Alan Cobcroft | |
Office: | Member of the Legislative Council |
Term Start: | 1932 |
Term End: | 1935 |
Birth Place: | Sydney, New South Wales |
Death Date: | 5 September 1955 (aged 70) |
Death Place: | Auckland, New Zealand |
Profession: | Planter |
Alan Ridge Cobcroft (died 5 September 1955) was a Western Samoan planter and politician.
Cobcroft was the son of parents from the Sydney suburb of Summer Hill.[1] He attended Sydney Grammar School and represented the school in football, rowing and running.[1] He also played for Newtown in the Sydney Rugby Premiership as a full-back. After leaving school, he moved to Fiji in 1907 to work on the sugar plantations of C.S.R.[2] [1] He moved to Western Samoa in 1911 to manage Papaseea Plantations, and became manager of the Mulifanua Coconut Plantation during World War I.[1] After a brief stint working in the Territory of New Guinea, he returned to Western Samoa and established his own cocoa plantation.[1] He became President of the Planters Association and Vice President of Apia Turf Club.[1]
Cobcroft contested the 1932 elections to the Legislative Council with the support of the Chamber of Commerce and the Planters' Association.
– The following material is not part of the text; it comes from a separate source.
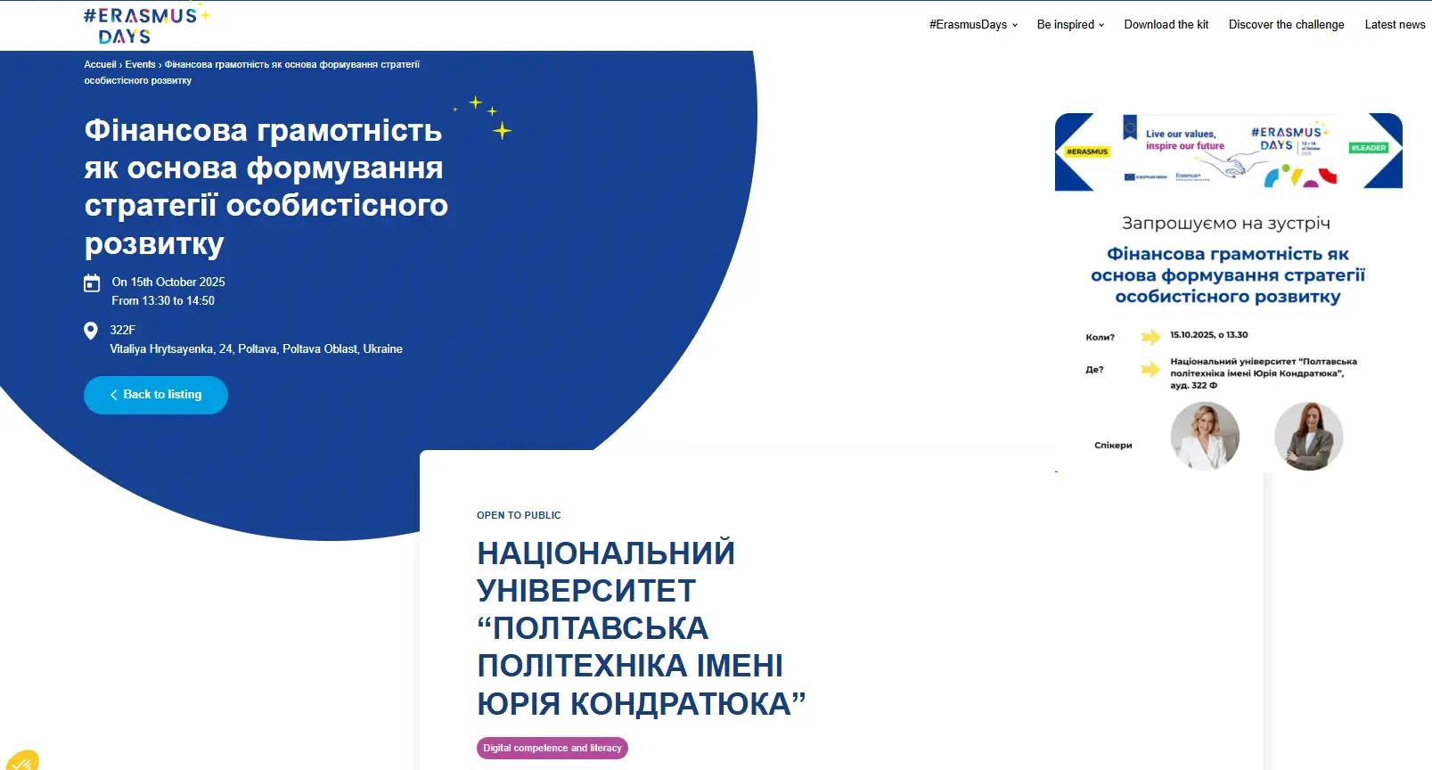15 жовтня 2025 року, у рамках заходів #ErasmusDays, які щороку відзначаються у всьому світі в жовтні, команда проєкту Erasmus+ Жан Моне «Formation of the personality development strategy in the digital educational space: Ukraine–EU» (№ 101127592 – FPDSDESUEU) провела семінар-тренінг на тему «Фінансова грамотність як основа формування стратегії особистісного розвитку».

He was elected alongside his brother-in-law Irving Carruthers.[1] He unexpectedly lost his seat in the 1935 elections, receiving the fewest votes of the four candidates running for the two seats.[3] The following year he was amongst the founders of the United Progressive Party, becoming its first chairman.[4]
He died on 5 September 1955 in Auckland at the age of 70.[5]